A - Wireless Network POJ - 2236
不多说。这道题就是很简单的并查集处理,之后在线查询即可。
#include <cstdio> #include <cstring> #include <iostream> #include <vector> #include <algorithm> #include <cmath> using namespace std; const int maxn = 2e6 + 100; int fa[maxn]; double x[maxn], y[maxn]; inline int _find(int x){return fa[x]==x?x:fa[x]=_find(fa[x]);} inline void _merge(int x, int y){fa[_find(x)]=_find(y);} double Dis(int a, int b) { return sqrt( (x[a]-x[b])*(x[a]-x[b]) + (y[a]-y[b])*(y[a]-y[b]) ); } int main() { int n; double d; scanf("%d%lf", &n, &d); for (int i = 1; i <= n; ++ i) { fa[i] = i; scanf("%lf%lf", &x[i], &y[i]); } char temp[3]; vector<int> rec; while (~scanf("%s", temp)) { if (temp[0] == 'O') { int num; scanf("%d", &num); for (int i = 0; i < rec.size(); ++ i) if (Dis(rec[i], num) <= d) _merge(rec[i], num); rec.push_back(num); } else if (temp[0] == 'S') { int u, v; scanf("%d%d", &u, &v); if (_find(u) != _find(v)) cout << "FAIL" << endl; else cout << "SUCCESS" << endl; } } return 0; }
这道题也就是计算并查集里有几个人。

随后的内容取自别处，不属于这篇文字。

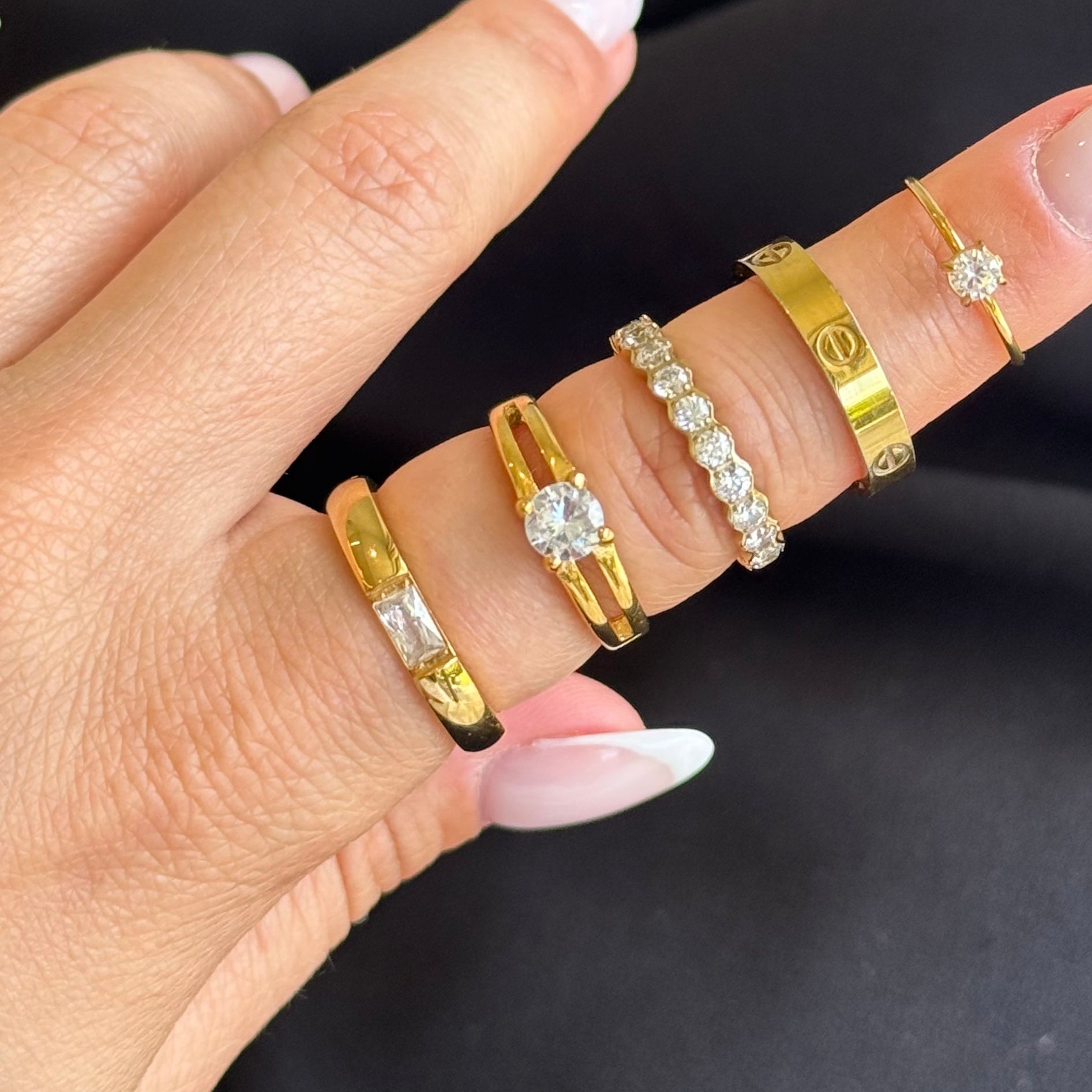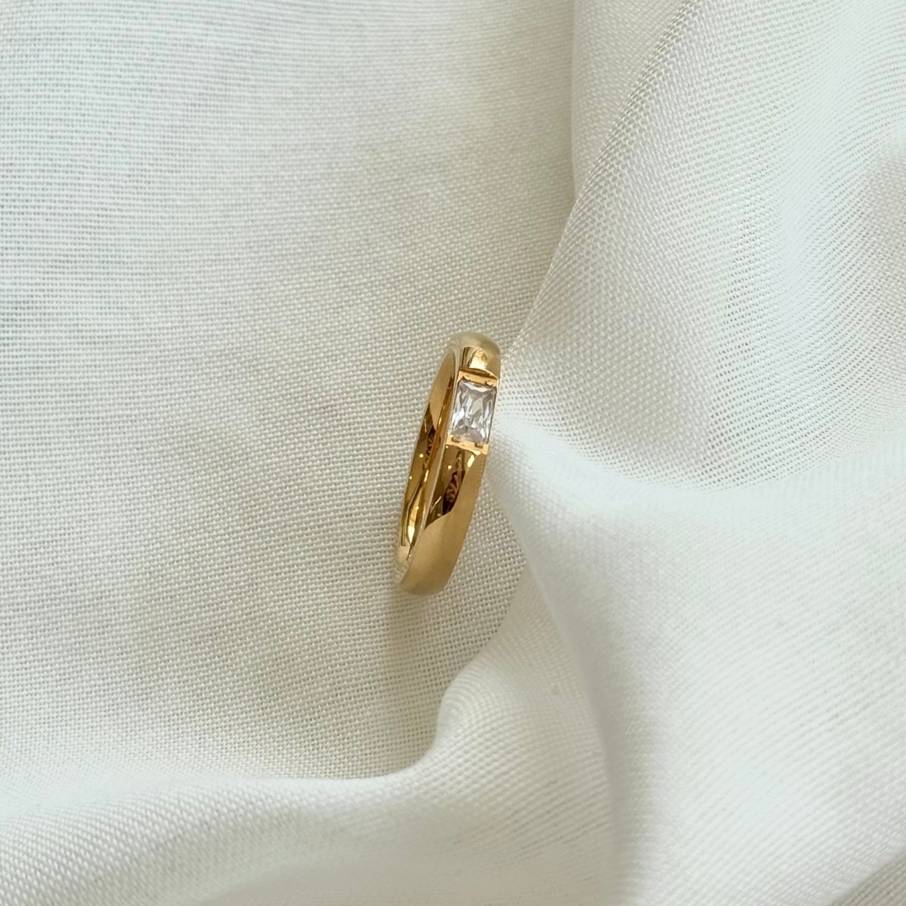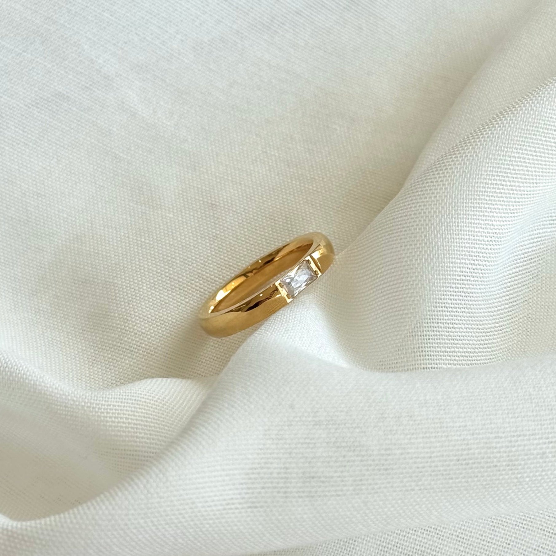 -Ring with thin band, smooth polished finish, features a zirconia in the center.

当然也可以开一个数组在合并时记录。
#include <cstdio> #include <cstring> #include <iostream> #include <vector> #include <algorithm> #include <cmath> using namespace std; const int maxn = 3e4 + 100; int fa[maxn]; int x[maxn], y[maxn]; inline int _find(int x){return fa[x]==x?x:fa[x]=_find(fa[x]);} inline void _merge(int x, int y){fa[_find(x)]=_find(y);} int main() { int n, m; while (~scanf("%d%d", &n, &m)) { if (!n && !m) break; for (int i = 1; i <= n; ++ i) fa[i] = i; for (int i = 1, num, temp; i <= m; ++ i) { scanf("%d", &num); vector<int> rec; while (num--) { scanf("%d", &temp); rec.push_back(temp+1); } for (int j = 1; j < rec.size(); j ++) _merge(rec[j-1], rec[j]); } int ans = 1; for (int i = 2; i <= n; ++ i) if (_find(i) == _find(1)) ++ans; cout << ans << endl; } return 0; }
C - How Many Tables HDU - 1213
统计有几个集合。
#include <bits/stdc++.h> #include <unordered_map> using namespace std; const int maxn = 1e5+100; int fa[maxn]; inline int _find(int x) {return fa[x]==x?x:fa[x]=_find(fa[x]);} inline void _merge(int x, int y) {fa[_find(x)] = _find(y);} int main() { int T; scanf("%d", &T); while (T--) { int n, m, cnt = 0; scanf("%d%d", &n, &m); unordered_map<int, int> vis; for (int i = 1; i <= n; ++ i) fa[i] = i; for (int i = 1, u, v; i <= m; ++ i) scanf("%d%d", &u, &v), _merge(u, v); for (int i = 1; i <= n; ++ i) if (!vis[_find(i)]) vis[_find(i)] = ++cnt; cout << cnt << endl; } }
总算来到了带权并查集!(或者说叫关系并查集或者拓展域并查集)
我记得大一学的时候觉得这个非常的难。但是现在我题量上来之后,理解能力也变强了好多。(that's why i love acm.
这个向量法,真的很神。
把一个难以理解的东西转化为那么具象,如果不懂只需要画图就好了。
关于合并:
因为我的代码是 fa[fy] = fx; 所以最后 fa[fy] 代表的就是 fy 到 fx的 关系。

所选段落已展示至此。